(EXERCISE INPUT Opens)

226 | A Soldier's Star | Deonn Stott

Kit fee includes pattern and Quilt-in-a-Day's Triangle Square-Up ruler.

(EXERCISE INPUT Closes)
(EXERCISE INPUT Opens)

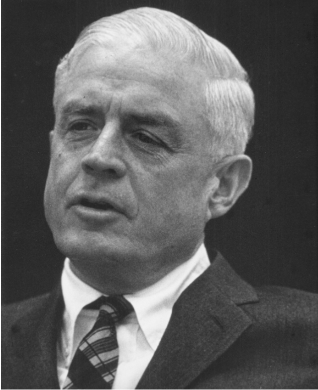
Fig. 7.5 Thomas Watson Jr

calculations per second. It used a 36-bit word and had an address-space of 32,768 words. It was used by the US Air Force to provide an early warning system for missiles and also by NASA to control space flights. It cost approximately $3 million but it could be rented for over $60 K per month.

(EXERCISE INPUT Closes)
(EXERCISE INPUT Opens)

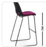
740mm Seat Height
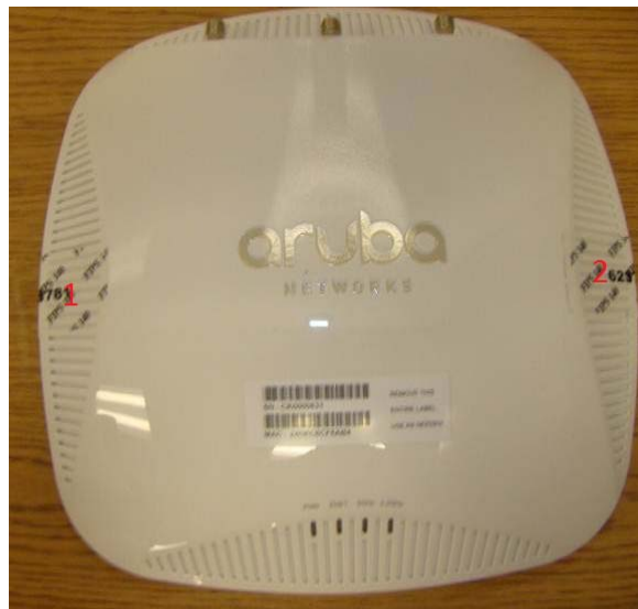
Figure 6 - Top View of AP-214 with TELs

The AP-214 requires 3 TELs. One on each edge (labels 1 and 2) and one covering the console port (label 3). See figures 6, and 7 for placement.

(EXERCISE INPUT Closes)

> **WHAT YOU NEED TO DO**
Please count how many lines in the preceding records hold the word "TELs", then give only that number.

> **EXERCISE RESULT**
2